- _Supplied material_:

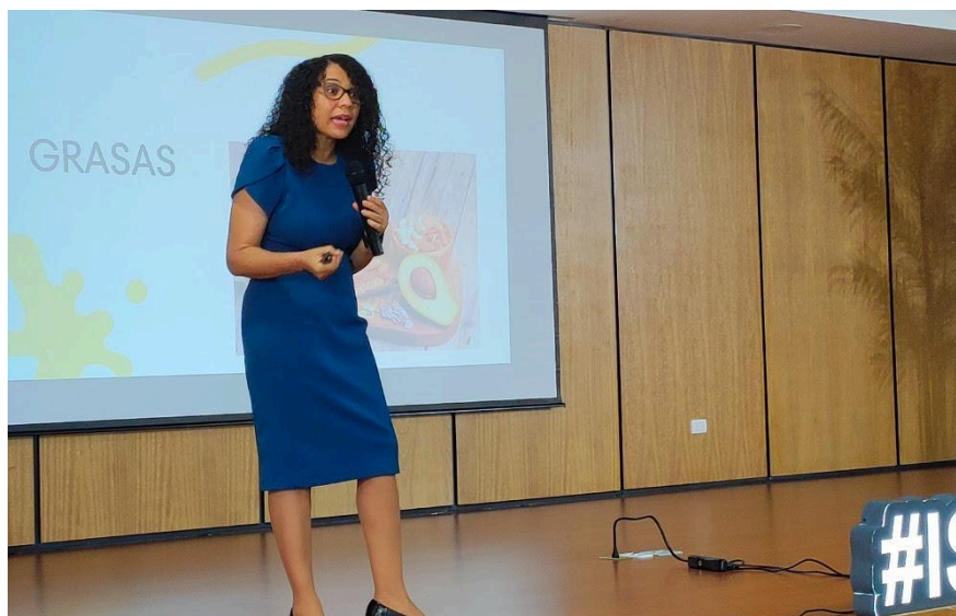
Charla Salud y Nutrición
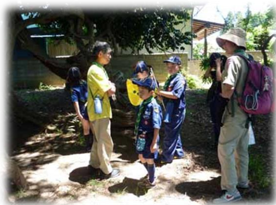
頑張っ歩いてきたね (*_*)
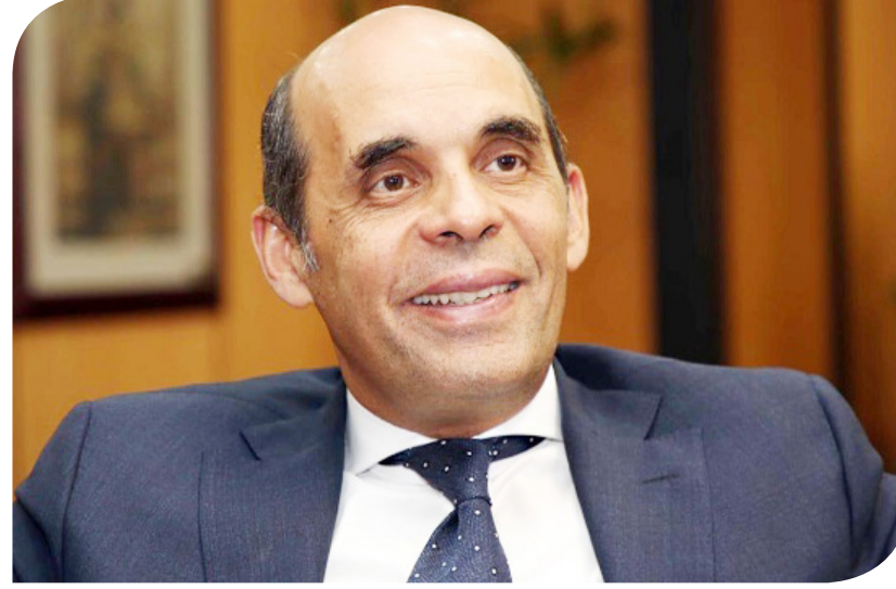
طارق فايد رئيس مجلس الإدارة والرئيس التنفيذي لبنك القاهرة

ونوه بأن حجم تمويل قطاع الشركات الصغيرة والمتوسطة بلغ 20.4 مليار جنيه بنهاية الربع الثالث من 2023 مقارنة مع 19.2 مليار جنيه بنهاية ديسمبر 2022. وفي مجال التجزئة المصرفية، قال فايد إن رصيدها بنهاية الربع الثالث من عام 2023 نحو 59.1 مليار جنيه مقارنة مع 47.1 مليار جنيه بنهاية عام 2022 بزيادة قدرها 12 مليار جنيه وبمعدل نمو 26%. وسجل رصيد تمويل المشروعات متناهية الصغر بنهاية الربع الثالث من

* * *

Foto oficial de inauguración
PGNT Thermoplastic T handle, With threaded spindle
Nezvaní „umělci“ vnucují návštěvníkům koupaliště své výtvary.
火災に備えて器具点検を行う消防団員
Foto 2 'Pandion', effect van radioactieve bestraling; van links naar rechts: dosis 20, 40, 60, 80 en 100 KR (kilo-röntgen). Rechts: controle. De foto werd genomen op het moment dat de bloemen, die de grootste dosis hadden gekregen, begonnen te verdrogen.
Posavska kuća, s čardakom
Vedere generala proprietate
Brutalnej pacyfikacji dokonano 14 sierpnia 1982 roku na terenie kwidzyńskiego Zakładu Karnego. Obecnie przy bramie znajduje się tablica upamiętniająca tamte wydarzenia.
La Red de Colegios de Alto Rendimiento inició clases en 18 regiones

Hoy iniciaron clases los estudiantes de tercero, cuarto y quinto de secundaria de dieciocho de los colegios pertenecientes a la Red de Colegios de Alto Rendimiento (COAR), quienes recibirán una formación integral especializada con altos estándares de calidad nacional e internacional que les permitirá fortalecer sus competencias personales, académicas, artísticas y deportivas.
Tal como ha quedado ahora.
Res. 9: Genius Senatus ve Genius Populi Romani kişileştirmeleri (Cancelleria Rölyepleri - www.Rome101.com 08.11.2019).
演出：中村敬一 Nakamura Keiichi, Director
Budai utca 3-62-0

- _Problem statement_: Search the entries for "Foto" and copy out each line that has it.

- _Written solution_:
Foto oficial de inauguración
Foto 2 'Pandion', effect van radioactieve bestraling; van links naar rechts: dosis 20, 40, 60, 80 en 100 KR (kilo-röntgen). Rechts: controle. De foto werd genomen op het moment dat de bloemen, die de grootste dosis hadden gekregen, begonnen te verdrogen.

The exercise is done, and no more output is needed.